> [EXERCISE PROMPT]
Look below for the line with "on the way."; begin the copy there and stop after the line with "Тумба идеально впишется", keeping the text exact and the pictures out.

> [TASK MATERIAL]
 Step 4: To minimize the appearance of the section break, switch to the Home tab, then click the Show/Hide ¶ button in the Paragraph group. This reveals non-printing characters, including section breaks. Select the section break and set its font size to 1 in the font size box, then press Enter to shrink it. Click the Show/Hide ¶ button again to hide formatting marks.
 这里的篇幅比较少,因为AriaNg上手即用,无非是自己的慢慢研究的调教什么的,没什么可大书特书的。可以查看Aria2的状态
---
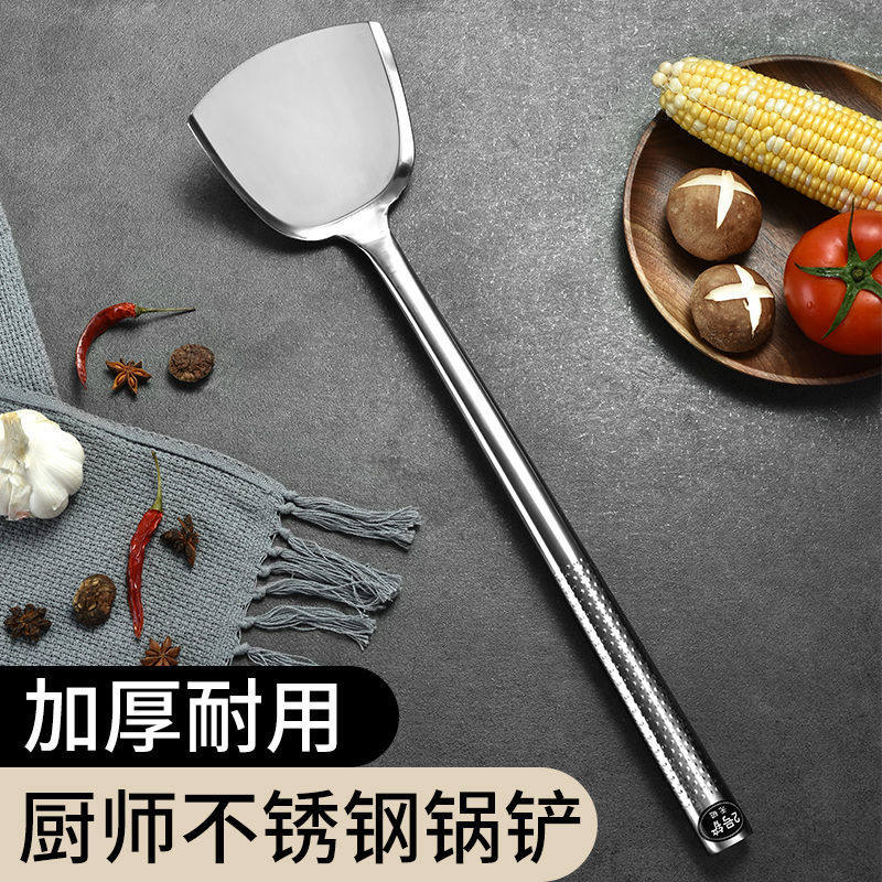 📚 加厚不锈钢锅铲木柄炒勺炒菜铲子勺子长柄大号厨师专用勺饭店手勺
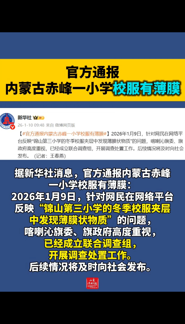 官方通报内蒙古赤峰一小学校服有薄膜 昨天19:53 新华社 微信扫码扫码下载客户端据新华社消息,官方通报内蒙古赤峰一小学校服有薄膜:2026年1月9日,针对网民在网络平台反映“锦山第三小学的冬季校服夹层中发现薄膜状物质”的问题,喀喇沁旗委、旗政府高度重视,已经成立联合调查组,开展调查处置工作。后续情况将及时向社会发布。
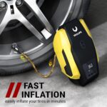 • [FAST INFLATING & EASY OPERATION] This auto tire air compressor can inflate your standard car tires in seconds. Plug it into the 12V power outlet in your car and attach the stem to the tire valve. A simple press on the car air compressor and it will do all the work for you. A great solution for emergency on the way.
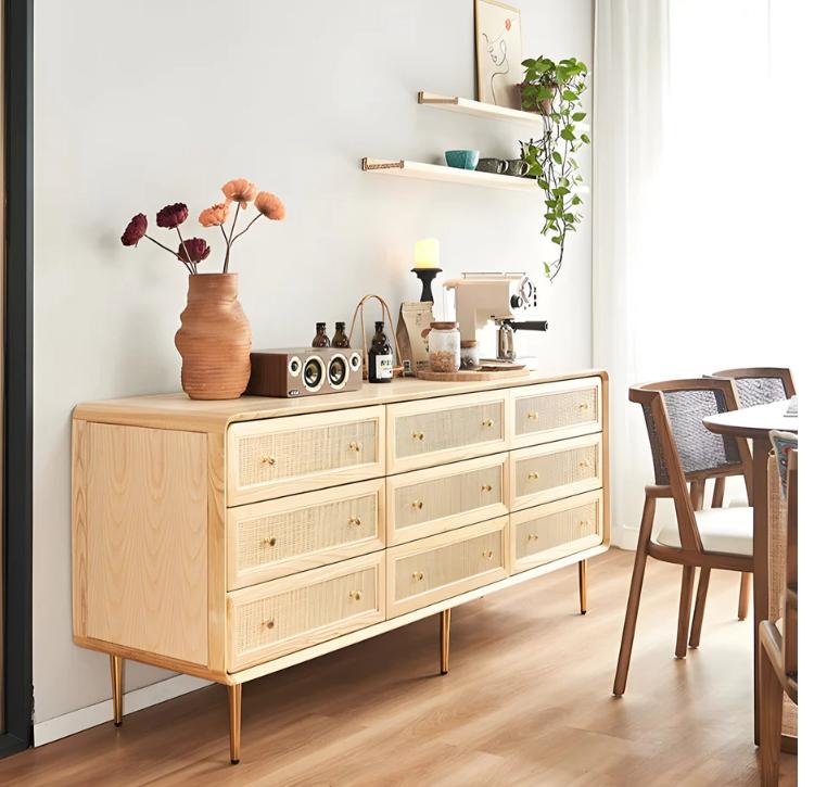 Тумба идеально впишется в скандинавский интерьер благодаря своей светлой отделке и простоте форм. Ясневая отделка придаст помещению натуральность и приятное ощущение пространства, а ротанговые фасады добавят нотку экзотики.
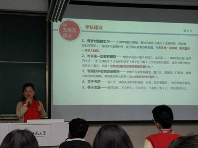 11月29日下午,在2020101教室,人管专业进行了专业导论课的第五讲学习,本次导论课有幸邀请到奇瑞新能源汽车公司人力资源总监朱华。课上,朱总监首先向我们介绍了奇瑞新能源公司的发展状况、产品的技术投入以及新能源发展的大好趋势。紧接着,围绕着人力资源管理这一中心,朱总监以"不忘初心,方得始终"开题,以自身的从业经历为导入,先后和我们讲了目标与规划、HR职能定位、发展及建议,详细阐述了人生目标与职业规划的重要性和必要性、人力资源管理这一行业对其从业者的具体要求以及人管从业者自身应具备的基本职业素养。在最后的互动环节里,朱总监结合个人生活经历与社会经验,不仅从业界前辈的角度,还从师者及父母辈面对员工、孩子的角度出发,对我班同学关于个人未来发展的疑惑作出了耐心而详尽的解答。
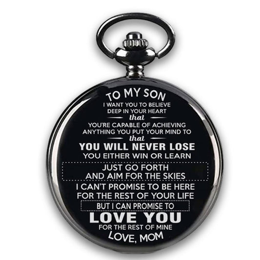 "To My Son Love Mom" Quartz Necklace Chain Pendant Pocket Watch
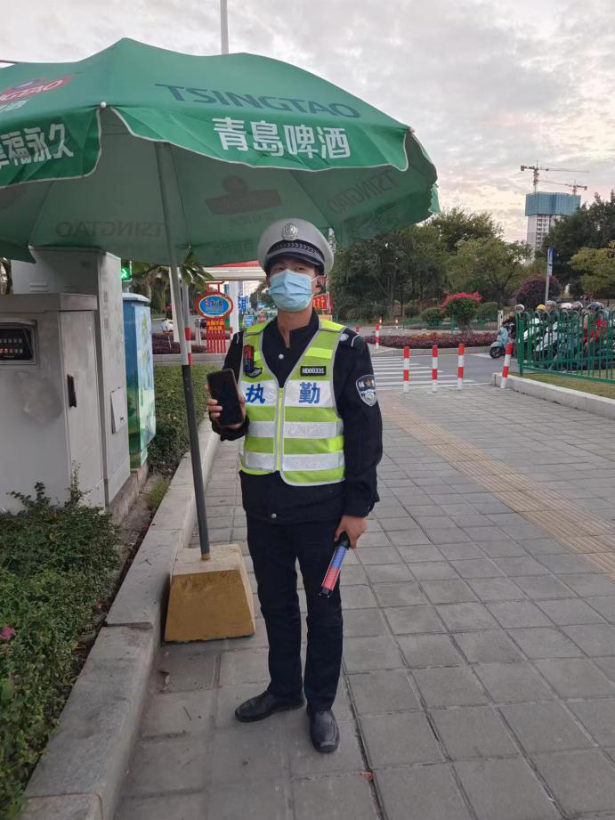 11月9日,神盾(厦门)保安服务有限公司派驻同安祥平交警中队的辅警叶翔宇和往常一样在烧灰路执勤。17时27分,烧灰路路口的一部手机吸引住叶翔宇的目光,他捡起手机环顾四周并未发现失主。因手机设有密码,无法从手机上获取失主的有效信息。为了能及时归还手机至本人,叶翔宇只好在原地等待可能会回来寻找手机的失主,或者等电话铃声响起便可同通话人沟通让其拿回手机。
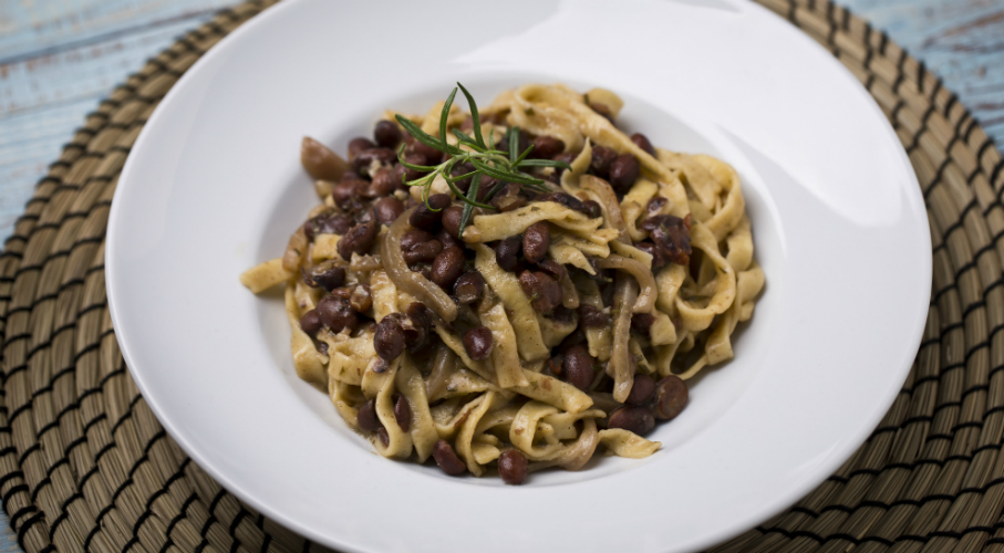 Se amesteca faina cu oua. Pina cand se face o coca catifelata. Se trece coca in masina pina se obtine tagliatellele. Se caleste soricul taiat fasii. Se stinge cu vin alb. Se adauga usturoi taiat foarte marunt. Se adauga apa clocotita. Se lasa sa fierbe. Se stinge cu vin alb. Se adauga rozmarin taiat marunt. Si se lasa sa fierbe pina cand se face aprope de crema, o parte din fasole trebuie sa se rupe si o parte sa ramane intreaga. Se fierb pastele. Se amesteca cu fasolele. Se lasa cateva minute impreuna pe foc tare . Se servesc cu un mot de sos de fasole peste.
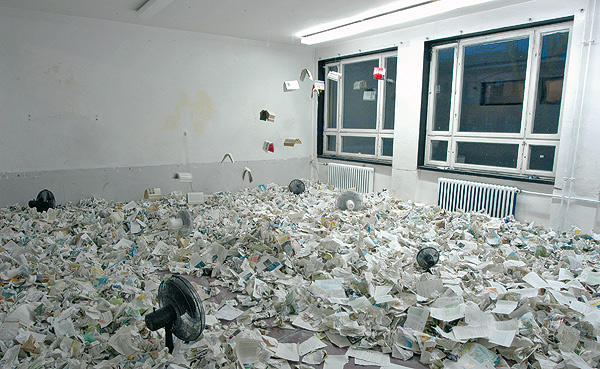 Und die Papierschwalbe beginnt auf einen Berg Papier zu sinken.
--
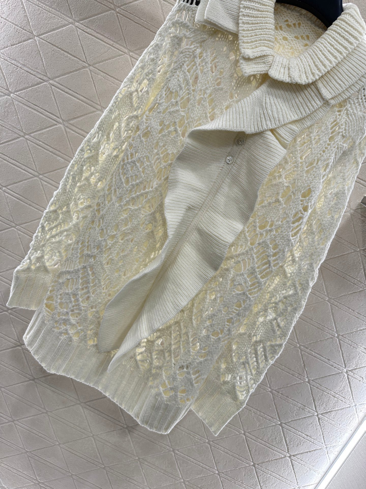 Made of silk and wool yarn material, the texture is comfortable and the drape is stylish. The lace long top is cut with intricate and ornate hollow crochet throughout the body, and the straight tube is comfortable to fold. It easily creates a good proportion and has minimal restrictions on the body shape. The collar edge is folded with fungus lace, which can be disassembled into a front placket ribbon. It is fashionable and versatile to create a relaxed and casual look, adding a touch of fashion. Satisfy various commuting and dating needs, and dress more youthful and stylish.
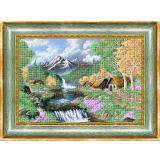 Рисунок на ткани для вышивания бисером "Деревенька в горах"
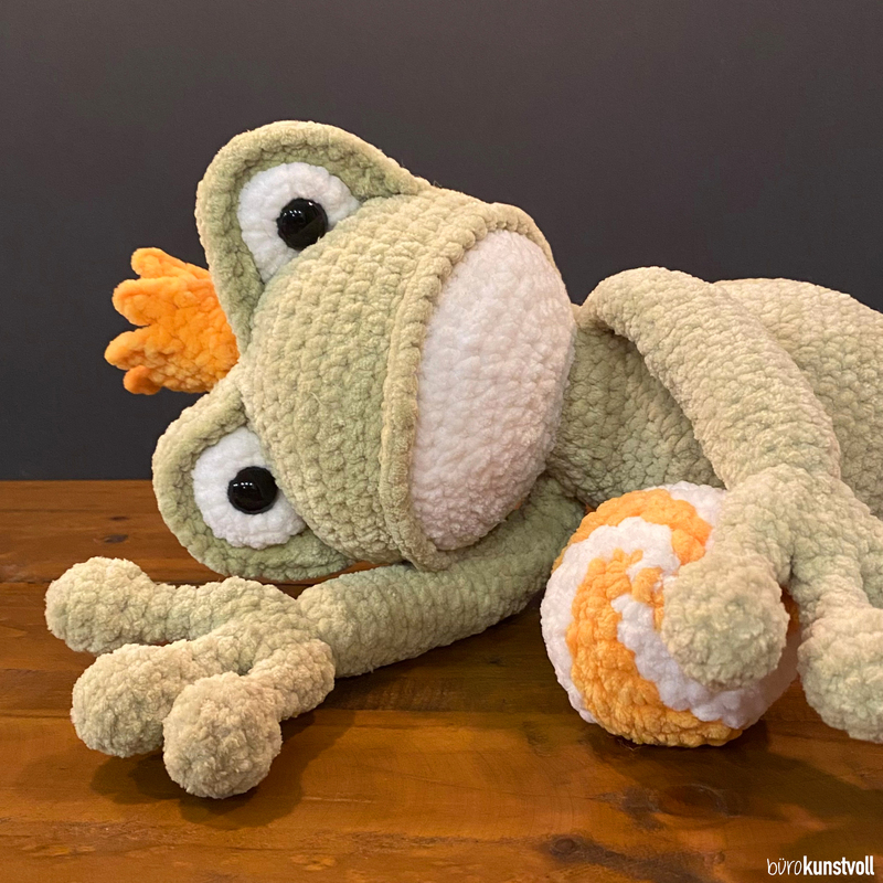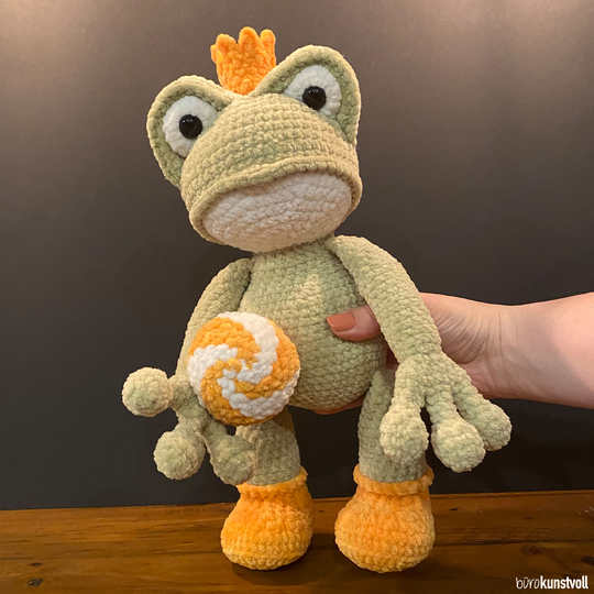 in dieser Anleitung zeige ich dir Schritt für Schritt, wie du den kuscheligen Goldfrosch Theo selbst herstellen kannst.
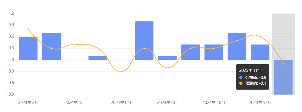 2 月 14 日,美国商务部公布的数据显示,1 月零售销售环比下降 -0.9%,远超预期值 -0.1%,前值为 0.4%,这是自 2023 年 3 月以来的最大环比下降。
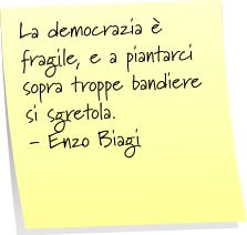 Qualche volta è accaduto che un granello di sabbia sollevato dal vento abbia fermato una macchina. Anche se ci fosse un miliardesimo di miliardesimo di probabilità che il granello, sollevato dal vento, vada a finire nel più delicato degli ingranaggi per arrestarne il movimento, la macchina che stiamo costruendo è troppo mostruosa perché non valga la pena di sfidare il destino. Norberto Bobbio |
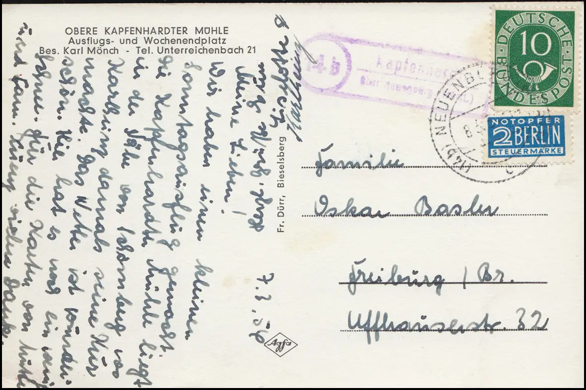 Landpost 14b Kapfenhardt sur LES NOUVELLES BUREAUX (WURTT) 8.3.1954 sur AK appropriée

> [RESPONSE FOR THIS EXERCISE]
 • [FAST INFLATING & EASY OPERATION] This auto tire air compressor can inflate your standard car tires in seconds. Plug it into the 12V power outlet in your car and attach the stem to the tire valve. A simple press on the car air compressor and it will do all the work for you. A great solution for emergency on the way.
 Тумба идеально впишется в скандинавский интерьер благодаря своей светлой отделке и простоте форм. Ясневая отделка придаст помещению натуральность и приятное ощущение пространства, а ротанговые фасады добавят нотку экзотики.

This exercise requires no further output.